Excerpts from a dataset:
****************************************
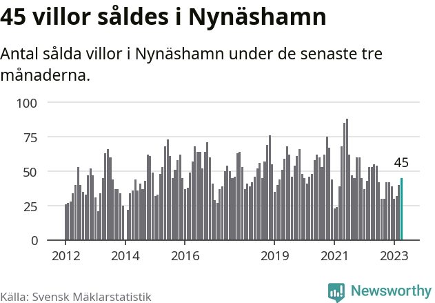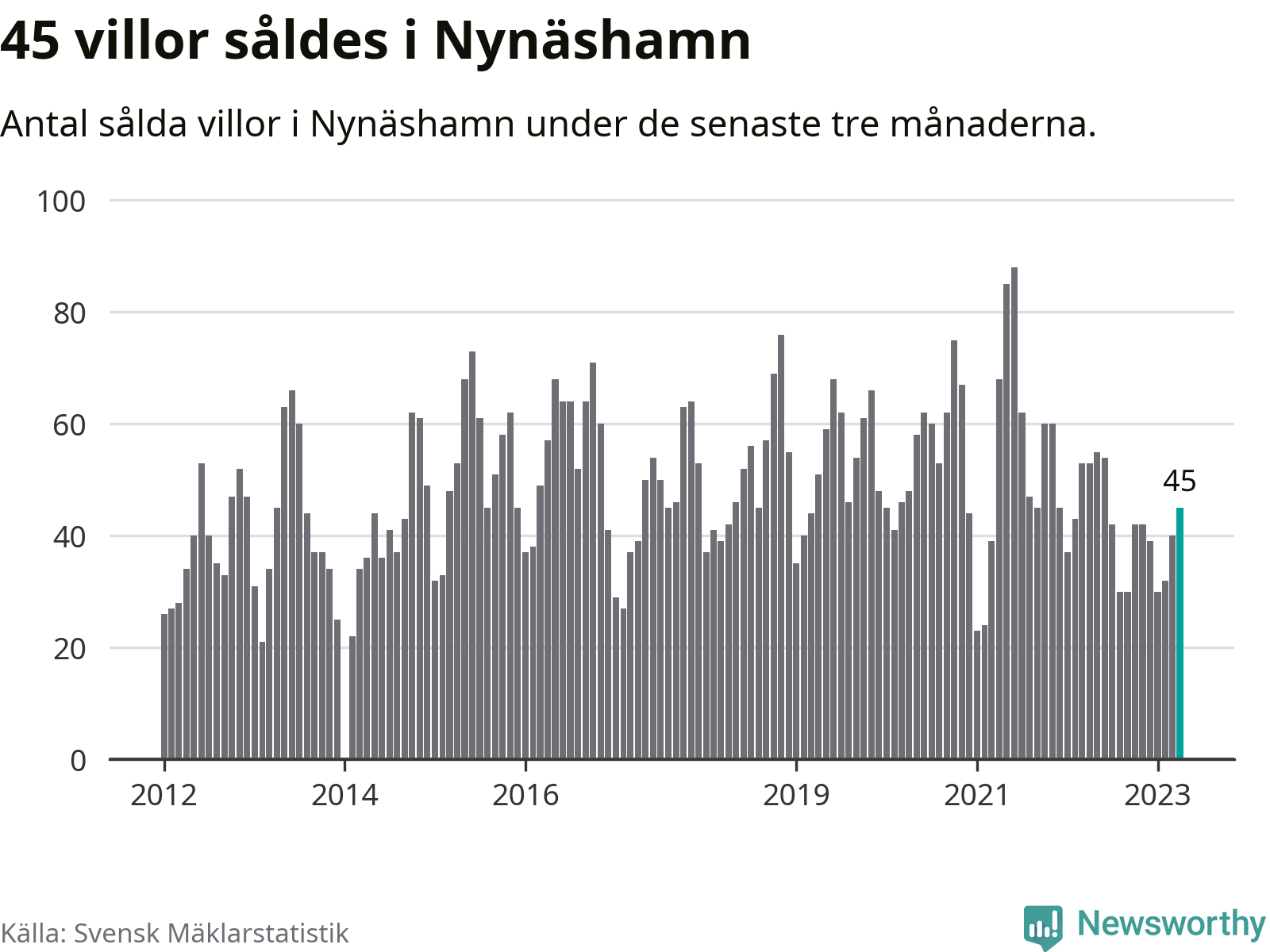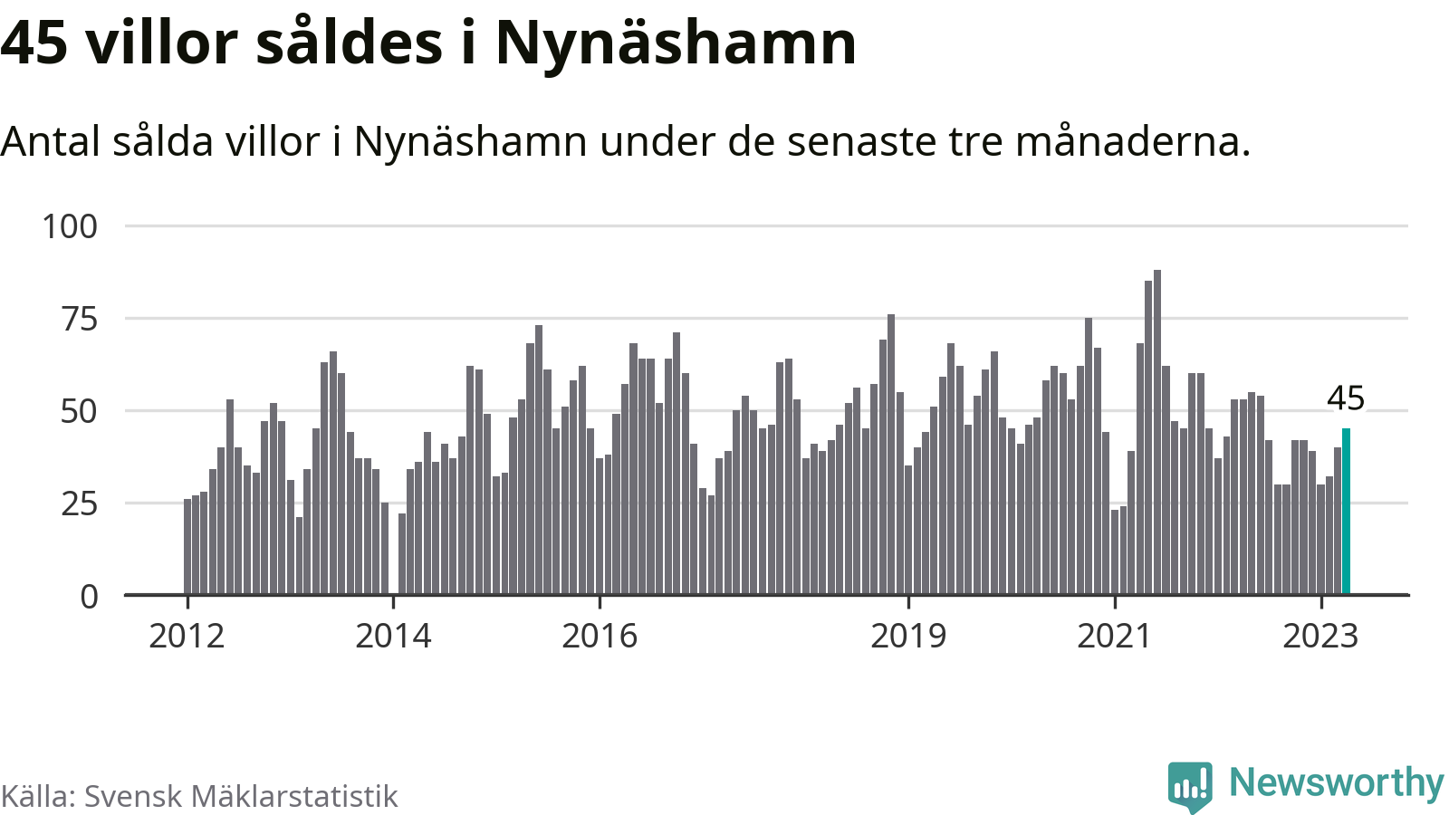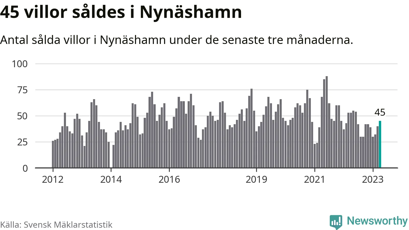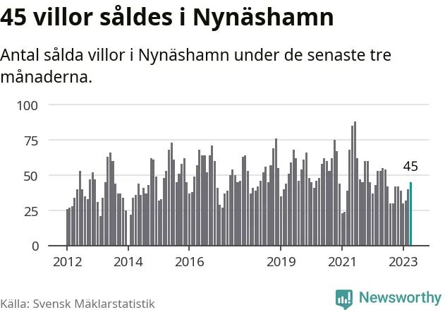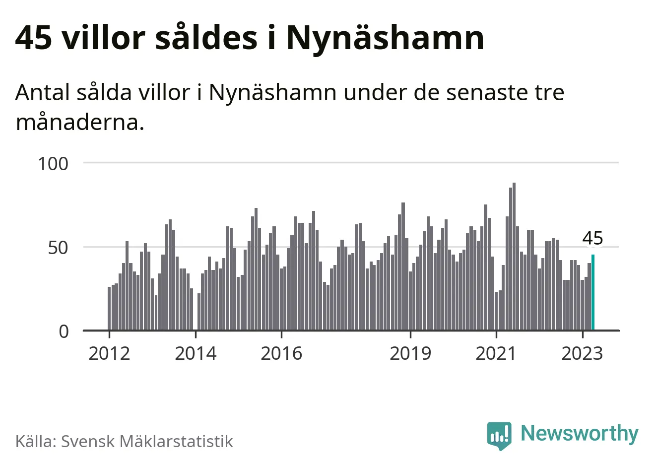 Sammanlagt såldes 45 villor i Nynäshamns kommun mellan februari och april till ett genomsnittligt pris på 4,6 miljoner kronor. I fjol gjordes 53 affärer vid den här tiden på året.
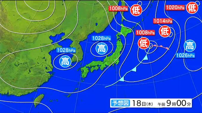 18日午前9時の予想天気図です。東北地方は午前中、寒気や気圧の谷の影響を受けやすいですが、午後は移動性の高気圧に覆われるでしょう。
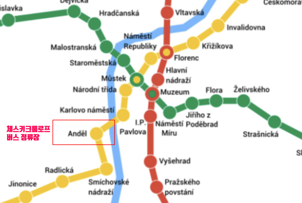 먼저 프라하에서 체스키크룸로프로 가는 버스 정류장은 Autobusové nádraží로 지하철을 이용하면 B노선(yellow) Andel(안델)역 지상에 있는 버스정류장이다.
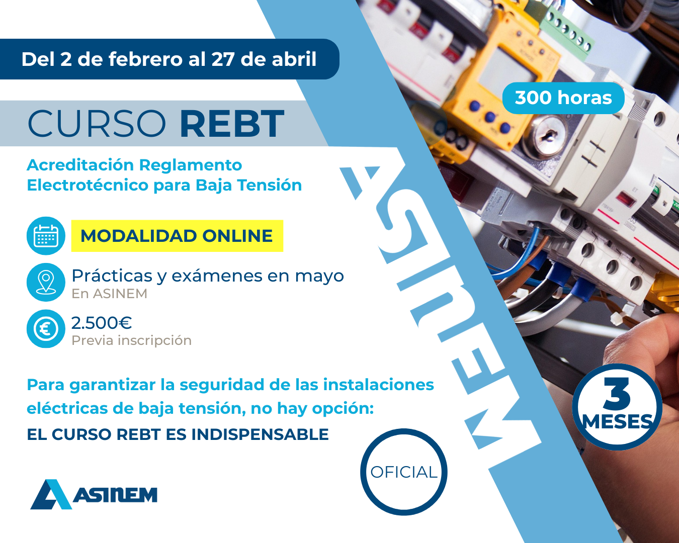 En ASINEM, la Asociación de Empresas Instaladoras de Baleares, ofrecemos el curso REBT (Reglamento de Electrotécnico para Instalaciones Eléctricas de Baja Tensión) en su modalidad online, del 2 de febrero al 27 de abril de 2026. Con este curso, obtendrás la titulación oficial de profesional instalador electricista de baja tensión, que habilita para realizar las tareas de diseño, instalación y mantenimiento de las instalaciones eléctricas de baja tensión.
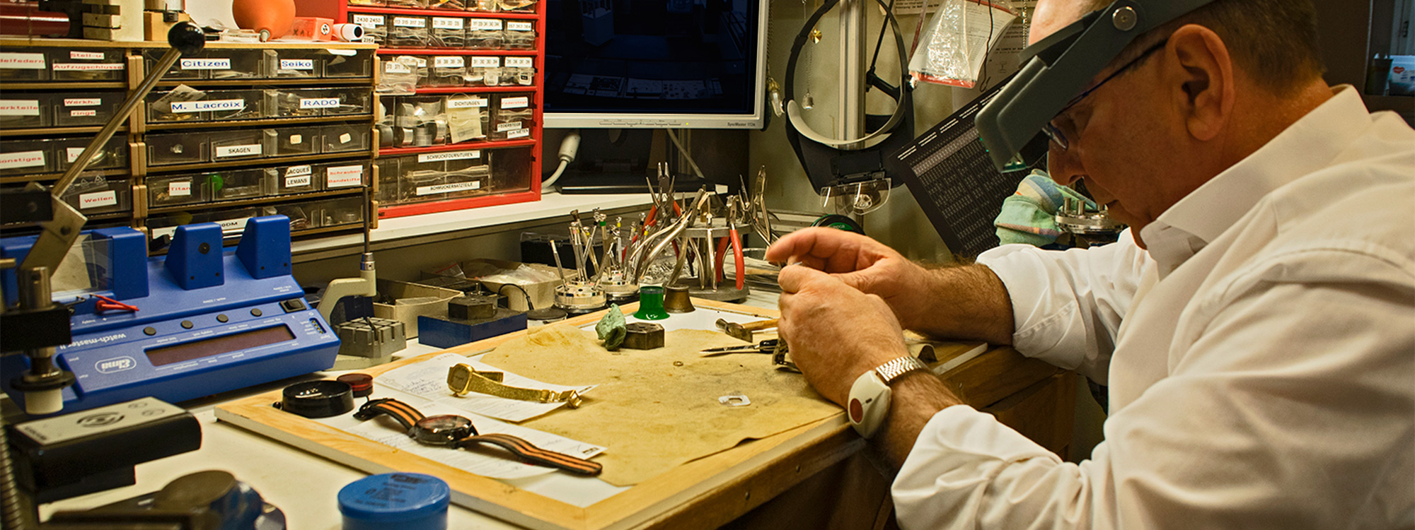 Als Juwelierfachgeschäft stehen wir Ihnen mit Handwerkskompetenz für Service und Reparaturen zur Verfügung. Als zertifizierte Service-Werkstatt bieten wir Ihnen das Know-how für viele Schweizer Uhrenmarken. Ob Batteriewechsel, Pflegetipps oder eine größere Reparatur - unser Service wird Sie überzeugen.
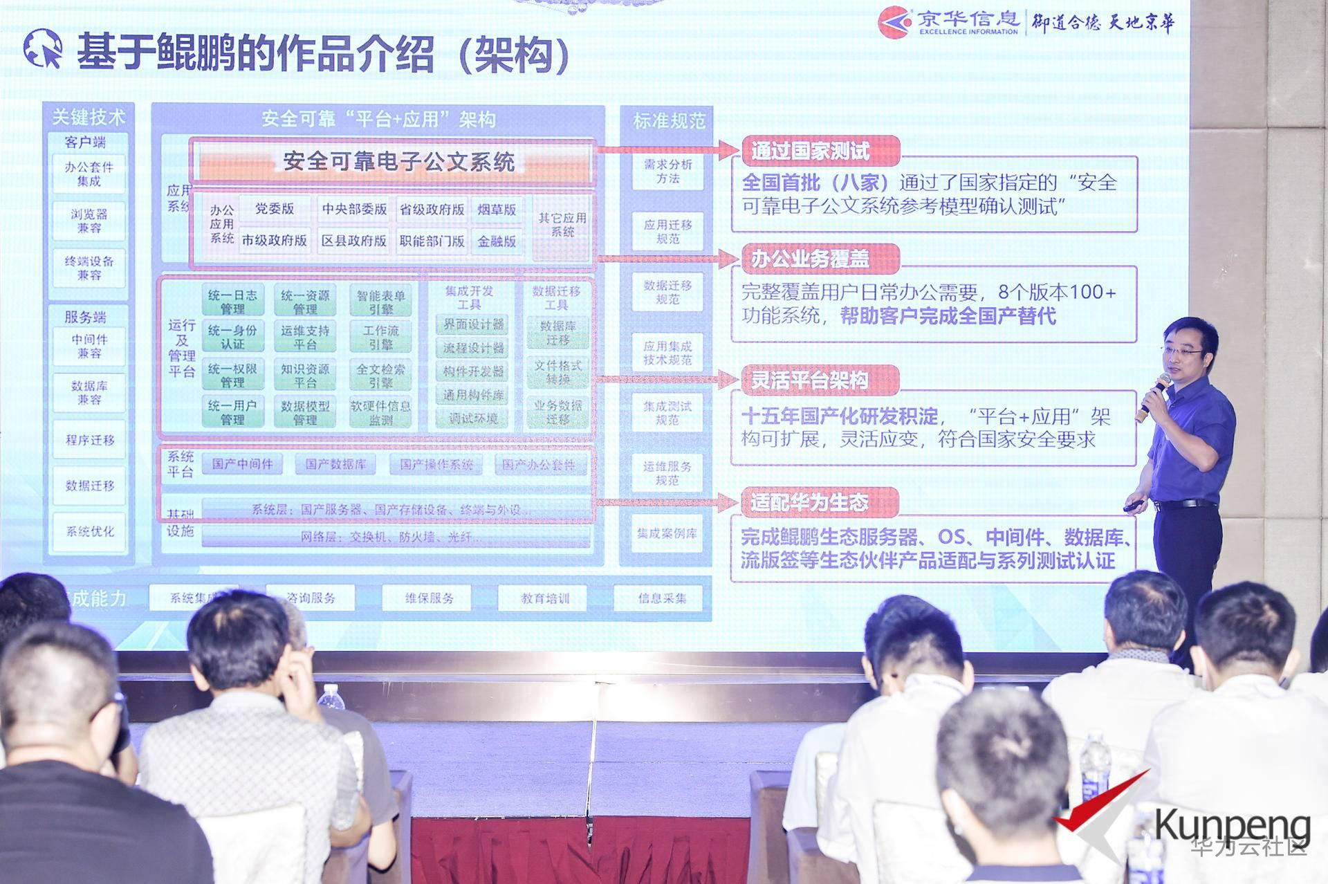 京华智慧工作台的项目宣讲人介绍到:工作平台目前 100 多个系统中,超 60 个系统专注于政务办公,涵盖了公文、会议、行政、后勤、信息、知识六大主要业务,构建“以事为核心,一事多件”的公文管理模型,在办“事”的过程中可以随时发起各文种审批,并自动建立相关办文过程的自动关联,前可查事件来源,后可查办理情况。智慧平台还将业务中产生的过程数据和结果数据进行大数据分析,辅助办文人员工作,推送同类文件、模拟生成批示意见,为党政机关流程优化、提高效能提供科学的决策支持。尤其值得一提的是,作为广州市政务管理平台的实践者与先行者,京华信息全线产品已完成了华为鲲鹏生态的全部适配,获得了包括华为开源 OA,数据库等产品的认证,智慧工作平台基于鲲鹏架构调优,获得了优异的性能测试结果。
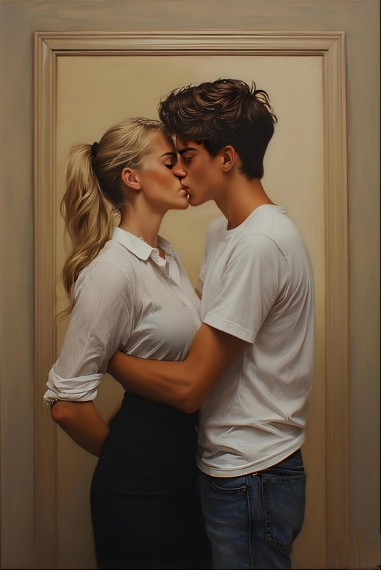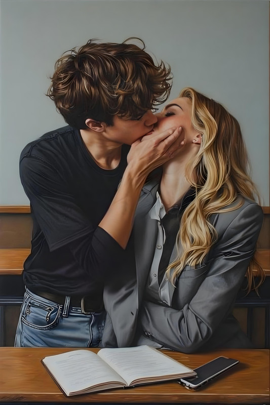 — Ммм, хорошо выглядишь, — приветствовал он, медленно приближаясь. — Для меня приоделась? Таня покосилась на него, слегка покраснев, но тут же обрубила его намёк. — Не говори ерунды. Я в том же, в чём была в школе. Только приехала. — Ну и ладно, — ухмыльнулся Денис, уже вплотную подойдя к ней. — Мне всё равно нравится. Его руки скользнули по её талии, а губы нашли её губы — сначала осторожно, потом настойчивее. Таня попыталась отстраниться, но он не отпускал, чувствуя, как её сопротивление слабеет.
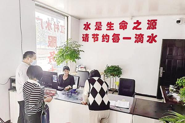 近年来,扶沟县加大资金投入力度,为全县每个水厂都建设了收费大厅,统一制定各项服务制度,将政策咨询、水费缴纳等事项纳入窗口办理。图为群众在收费大厅办理业务。白志远 摄
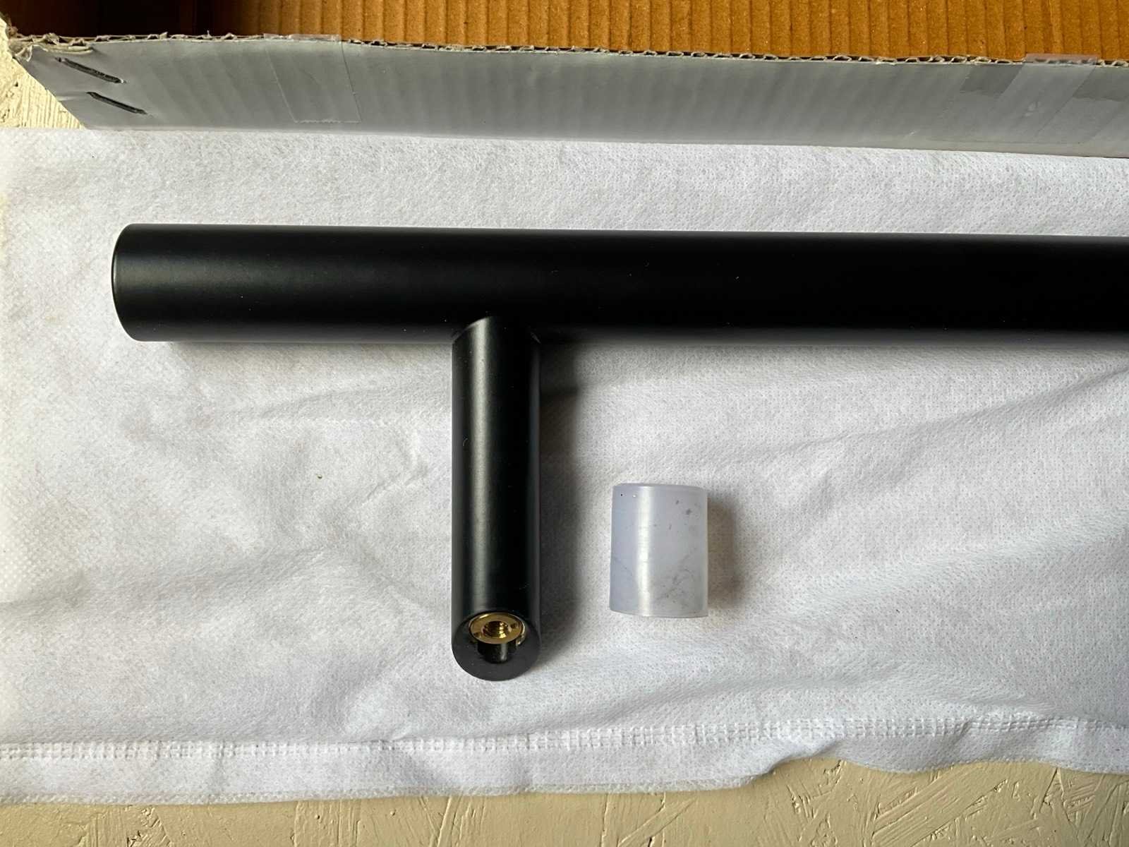 Deurgreep RVS en zwart gecoat, Kleur: Ral 8019 met schuine voeten. Diameter 30mm. Asmaat 300mm. Totale lengte 500mm. T-model. Inclusief bevestigingsmateriaal. Kan gemonteerd worden op hout, PVC en aluminium Nee
****************************************
#### REQUIRED ACTION:
The copy you produce must repeat all the entries exactly and contain no pictures.

#### OUTPUT FOR THIS TASK:
 Sammanlagt såldes 45 villor i Nynäshamns kommun mellan februari och april till ett genomsnittligt pris på 4,6 miljoner kronor. I fjol gjordes 53 affärer vid den här tiden på året.
 18日午前9時の予想天気図です。東北地方は午前中、寒気や気圧の谷の影響を受けやすいですが、午後は移動性の高気圧に覆われるでしょう。
 먼저 프라하에서 체스키크룸로프로 가는 버스 정류장은 Autobusové nádraží로 지하철을 이용하면 B노선(yellow) Andel(안델)역 지상에 있는 버스정류장이다.
 En ASINEM, la Asociación de Empresas Instaladoras de Baleares, ofrecemos el curso REBT (Reglamento de Electrotécnico para Instalaciones Eléctricas de Baja Tensión) en su modalidad online, del 2 de febrero al 27 de abril de 2026. Con este curso, obtendrás la titulación oficial de profesional instalador electricista de baja tensión, que habilita para realizar las tareas de diseño, instalación y mantenimiento de las instalaciones eléctricas de baja tensión.
 Als Juwelierfachgeschäft stehen wir Ihnen mit Handwerkskompetenz für Service und Reparaturen zur Verfügung. Als zertifizierte Service-Werkstatt bieten wir Ihnen das Know-how für viele Schweizer Uhrenmarken. Ob Batteriewechsel, Pflegetipps oder eine größere Reparatur - unser Service wird Sie überzeugen.
 京华智慧工作台的项目宣讲人介绍到:工作平台目前 100 多个系统中,超 60 个系统专注于政务办公,涵盖了公文、会议、行政、后勤、信息、知识六大主要业务,构建“以事为核心,一事多件”的公文管理模型,在办“事”的过程中可以随时发起各文种审批,并自动建立相关办文过程的自动关联,前可查事件来源,后可查办理情况。智慧平台还将业务中产生的过程数据和结果数据进行大数据分析,辅助办文人员工作,推送同类文件、模拟生成批示意见,为党政机关流程优化、提高效能提供科学的决策支持。尤其值得一提的是,作为广州市政务管理平台的实践者与先行者,京华信息全线产品已完成了华为鲲鹏生态的全部适配,获得了包括华为开源 OA,数据库等产品的认证,智慧工作平台基于鲲鹏架构调优,获得了优异的性能测试结果。
 — Ммм, хорошо выглядишь, — приветствовал он, медленно приближаясь. — Для меня приоделась? Таня покосилась на него, слегка покраснев, но тут же обрубила его намёк. — Не говори ерунды. Я в том же, в чём была в школе. Только приехала. — Ну и ладно, — ухмыльнулся Денис, уже вплотную подойдя к ней. — Мне всё равно нравится. Его руки скользнули по её талии, а губы нашли её губы — сначала осторожно, потом настойчивее. Таня попыталась отстраниться, но он не отпускал, чувствуя, как её сопротивление слабеет.
 近年来,扶沟县加大资金投入力度,为全县每个水厂都建设了收费大厅,统一制定各项服务制度,将政策咨询、水费缴纳等事项纳入窗口办理。图为群众在收费大厅办理业务。白志远 摄
 Deurgreep RVS en zwart gecoat, Kleur: Ral 8019 met schuine voeten. Diameter 30mm. Asmaat 300mm. Totale lengte 500mm. T-model. Inclusief bevestigingsmateriaal. Kan gemonteerd worden op hout, PVC en aluminium Nee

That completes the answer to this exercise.